This year, I don’t know about you, but I am not feeling as joyful. I am tired. It’s not just a physical thing, but more emotional and spiritual. I am tired of violence, predatory acts, hateful speech, and yes, I am certainly tired of the pandemic. I am tired of insults and slander, and people thinking the worst of their fellow man or woman. I am tired that I do not see more acts of kindness and charity in society. I am tired on behalf of victims of crime, victims within our staff and inmate and offender population, and always our forgotten victims (that is, the families of the incarcerated). I am just tired.

When I am tired, I become discouraged. In other words, I start to lose courage. Deep inside me, my heart hurts and my spirit sinks. I have trouble sleeping. I wonder, can it get any worse, can I bear more? That old Army voice in my head sometimes suggests at periods like this that it might be time to just “take a knee” or “pop smoke.” I am 60 years old, after all.

Do you ever feel what I am feeling?

But it is exactly at times like this that I know I must ACT and dig deep to remember truth, find encouragement, and regain my focus and balance to renew my commitment to life and service. I must reach out to those with better perspective and the wisdom and positive attitude that I need TODAY. I must search for that which brings peace to my heart, calms my thoughts at night, garners good will towards others, and choose to read and think on those matters of the spirit. Exercising helps too!

Can you relate? Are you searching for peace right now? Do you wish to be that someone who extends good will towards others?

In 1965, when I was in kindergarten, I saw the movie, “A Charlie Brown Christmas.” At one-point, poor Charlie Brown becomes so frustrated at trying to organize a Christmas play, that he yells out, “Isn’t there anyone who knows what Christmas is all about?” In response, his friend Linus takes center stage and (on National public television!) recites seven verses from the Book of Luke, found in the New Testament of the Holy Bible. For those of you with a similar faith tradition as I, you probably know this story of when the Angels appeared to the shepherds to announce the birth of the Messiah, the Savior. After the announcement, the Angels sang, “Glory to God in the highest, and on earth peace, good will toward men.”

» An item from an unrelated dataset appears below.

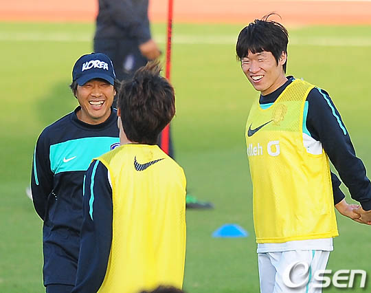 조광래 감독과 박지성 이청용이 환하게 웃으며 얘기를 나누고 있다./rumi@osen.co.kr

The purpose of this message is not to speak specifically of religion – yours, mine, or those of you who choose to follow a secular philosophy or creed. But in one time in history, when a people were severely oppressed by the ancient Romans, they took hope by thinking on that which was spiritual, to find peace and the desire for good will. Those Angelic words that express this hope have survived and been recited for over two thousand years!

In this holiday season, if I have just one wish for you, it is that you take an intentional step to find peace and act with good will towards others. If in the midst of this season you are tired, feel stress, sadness, loneliness, or even anger that often comes this time of year, look up and see if anyone around you is at peace. If you see someone in your circumstances, but at peace, that might be a good person to talk to. Ask them what they are thinking, what they are feeling, what they are reading, what they are doing to make it through the holidays. Their answer might just carry you through the holidays and every other challenging period for the rest of your life!

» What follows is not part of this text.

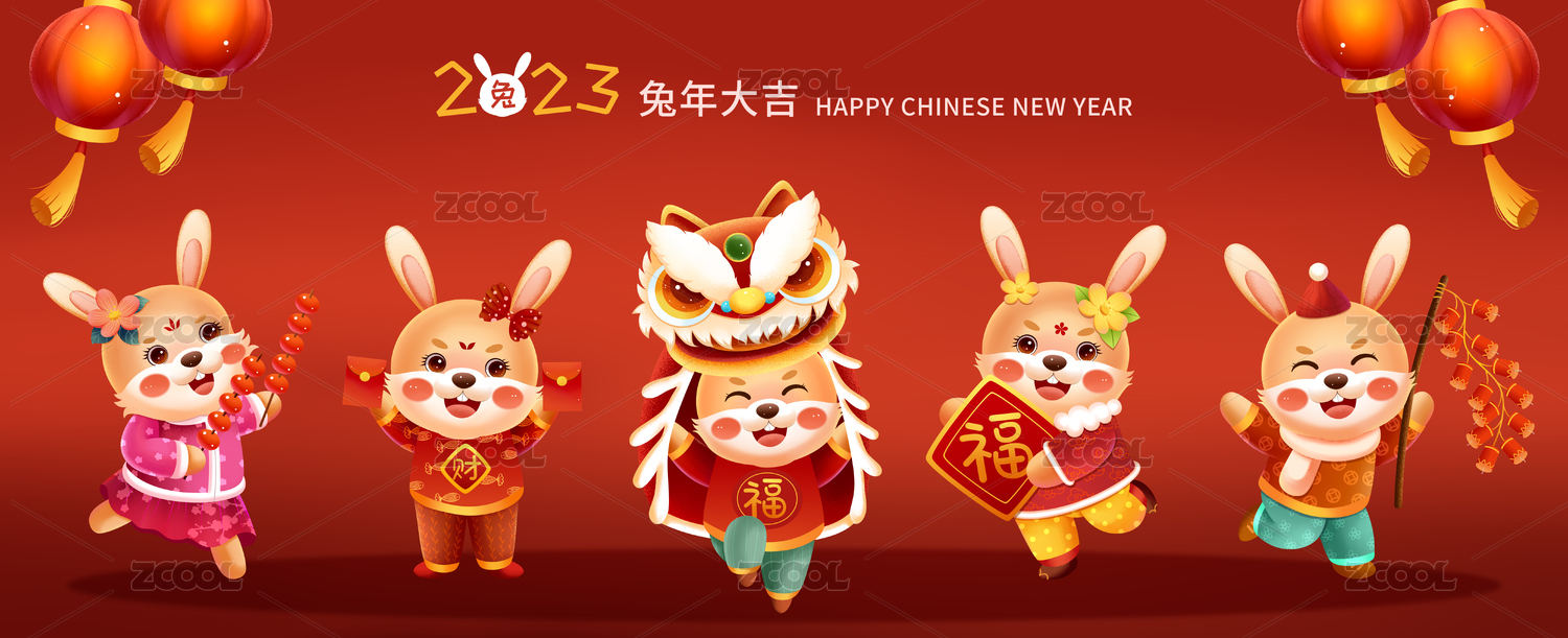 兔年大吉小兔子闹新春插画

I am reminded that when my father lived in Israel, he would get stressed and discouraged with running a college in Jerusalem. Routinely, Dad would walk to the “shepherd’s field” that tradition holds as the location of the appearance of the Angels, near Bethlehem. There he would sit and meditate to find his focus and regain his balance, to find the peace he needed to carry on and serve. I am fortunate to have his many writings on matters of the spirit, to read at times like this.

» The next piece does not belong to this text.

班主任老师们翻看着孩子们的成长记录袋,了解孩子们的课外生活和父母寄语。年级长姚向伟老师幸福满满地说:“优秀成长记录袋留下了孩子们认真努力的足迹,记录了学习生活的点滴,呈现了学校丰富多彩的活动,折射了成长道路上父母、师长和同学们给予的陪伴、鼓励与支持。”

My family and I, drawing from our personal faith tradition, sincerely wish you and your family a blessed Christmas with great promise for the New Year. I hope you receive our warmest wishes in the “tradition of heart” you personally practice and share in our desire and search for peace in this coming year, without the fear and effect of COVID. My New Year’s resolution is to not be the type of person that would make you tired, but to stand firm against those who would attempt to discourage us, all of us. For my part, I want to serve as someone who helped create peace and spread good will, even in our correctional environment.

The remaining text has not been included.